Further down are entries; set down exactly and only the lines from the one with "Papierowa dekoracja - topper" up to and including the one with "W kolejnym kroku", dropping each picture.

● **RECORDS PROVIDED**:

-- Opening Marker --

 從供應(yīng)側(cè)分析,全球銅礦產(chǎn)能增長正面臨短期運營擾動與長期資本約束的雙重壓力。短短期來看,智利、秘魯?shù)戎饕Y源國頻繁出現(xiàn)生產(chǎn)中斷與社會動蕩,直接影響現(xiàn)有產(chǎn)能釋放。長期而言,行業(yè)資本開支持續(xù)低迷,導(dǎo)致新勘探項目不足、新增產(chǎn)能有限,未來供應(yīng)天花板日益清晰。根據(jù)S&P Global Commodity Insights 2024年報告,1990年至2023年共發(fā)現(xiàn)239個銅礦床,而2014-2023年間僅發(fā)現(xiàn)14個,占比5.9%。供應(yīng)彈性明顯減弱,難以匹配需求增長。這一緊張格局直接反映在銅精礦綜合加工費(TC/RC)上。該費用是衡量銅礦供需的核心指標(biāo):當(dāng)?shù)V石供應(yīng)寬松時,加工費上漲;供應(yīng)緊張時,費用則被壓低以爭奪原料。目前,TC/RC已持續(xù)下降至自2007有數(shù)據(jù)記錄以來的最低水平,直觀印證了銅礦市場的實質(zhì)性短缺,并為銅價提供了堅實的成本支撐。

-- Closing Marker --
-- Opening Marker --

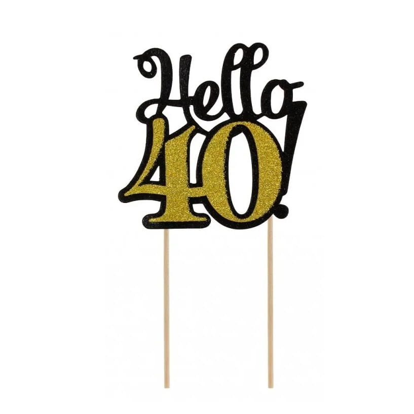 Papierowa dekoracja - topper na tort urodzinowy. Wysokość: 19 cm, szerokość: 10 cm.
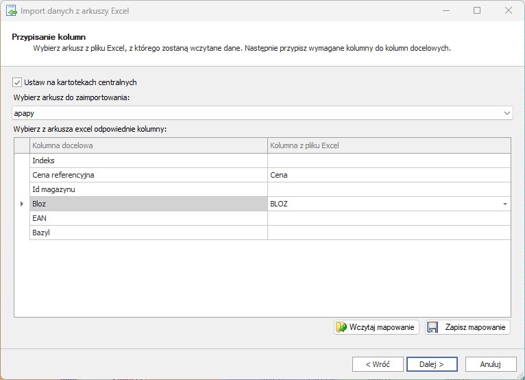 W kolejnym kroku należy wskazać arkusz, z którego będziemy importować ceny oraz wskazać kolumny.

-- Closing Marker --

● **RESULT**:
 Papierowa dekoracja - topper na tort urodzinowy. Wysokość: 19 cm, szerokość: 10 cm.
 W kolejnym kroku należy wskazać arkusz, z którego będziemy importować ceny oraz wskazać kolumny.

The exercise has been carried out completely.